(RECORDED DATA)

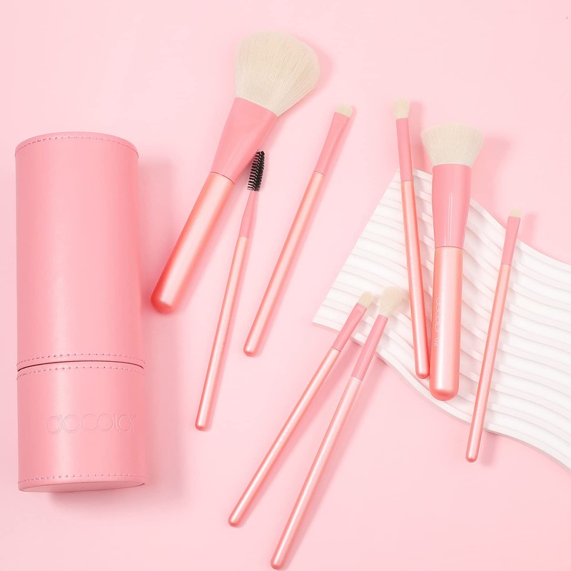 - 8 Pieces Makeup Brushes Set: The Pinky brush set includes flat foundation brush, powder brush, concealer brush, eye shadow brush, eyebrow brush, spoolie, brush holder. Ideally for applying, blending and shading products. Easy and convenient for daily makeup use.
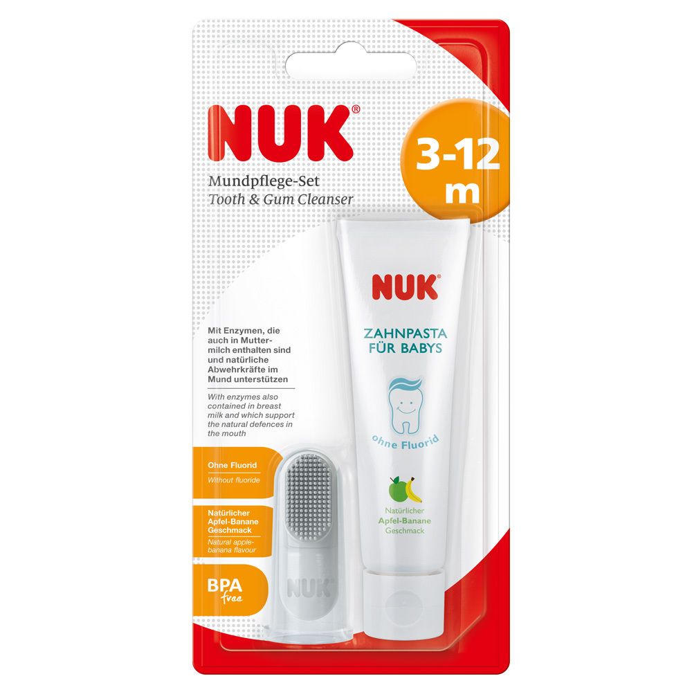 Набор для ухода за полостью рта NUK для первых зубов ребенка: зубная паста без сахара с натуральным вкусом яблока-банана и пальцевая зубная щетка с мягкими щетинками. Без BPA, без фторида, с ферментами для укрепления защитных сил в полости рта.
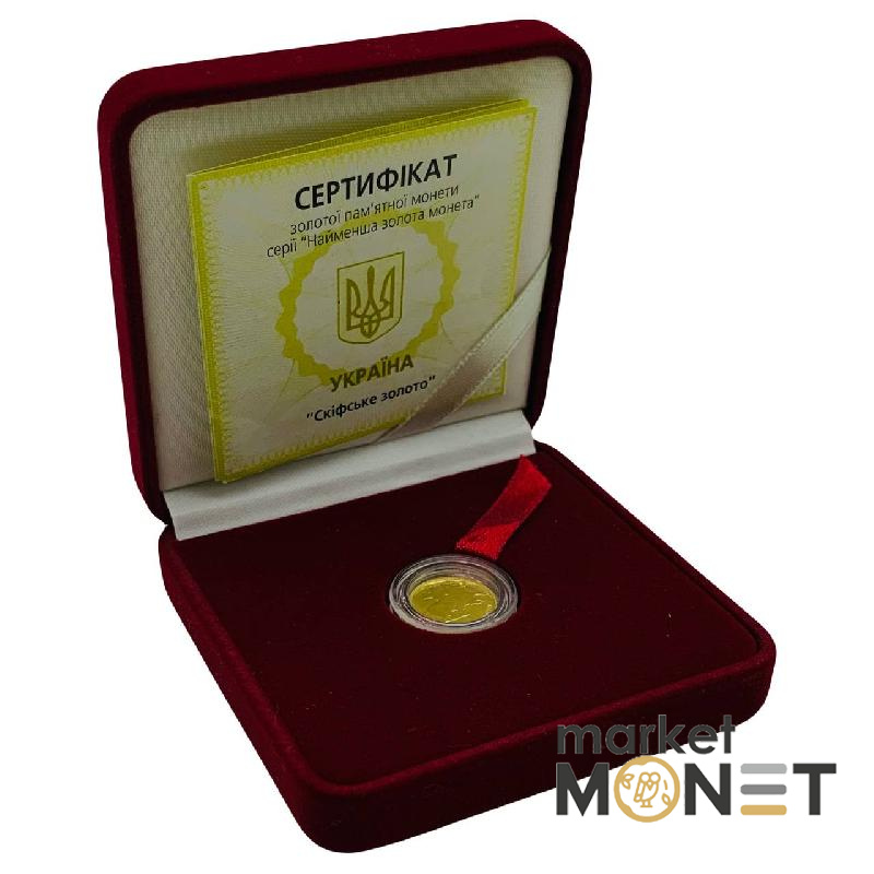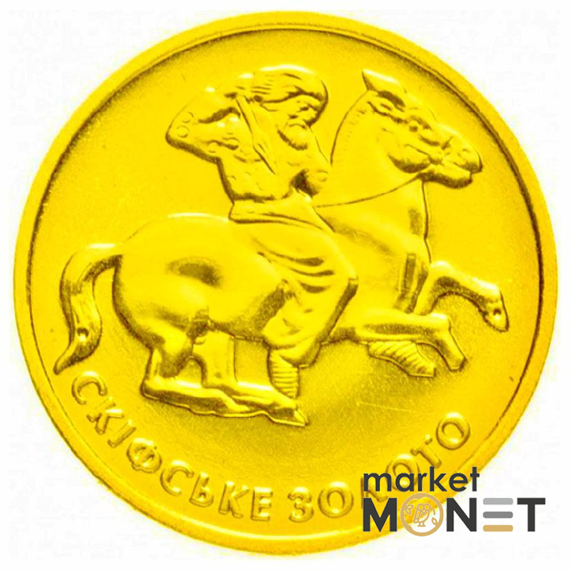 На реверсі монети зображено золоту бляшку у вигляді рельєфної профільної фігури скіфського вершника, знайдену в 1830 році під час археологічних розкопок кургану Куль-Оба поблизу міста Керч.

(End RECORDED DATA)

* _WHAT TO PRODUCE_
Wherever the listing shows a picture, omit it and output the rest exactly as given.

* _SOLUTION_
 - 8 Pieces Makeup Brushes Set: The Pinky brush set includes flat foundation brush, powder brush, concealer brush, eye shadow brush, eyebrow brush, spoolie, brush holder. Ideally for applying, blending and shading products. Easy and convenient for daily makeup use.
 Набор для ухода за полостью рта NUK для первых зубов ребенка: зубная паста без сахара с натуральным вкусом яблока-банана и пальцевая зубная щетка с мягкими щетинками. Без BPA, без фторида, с ферментами для укрепления защитных сил в полости рта.
 На реверсі монети зображено золоту бляшку у вигляді рельєфної профільної фігури скіфського вершника, знайдену в 1830 році під час археологічних розкопок кургану Куль-Оба поблизу міста Керч.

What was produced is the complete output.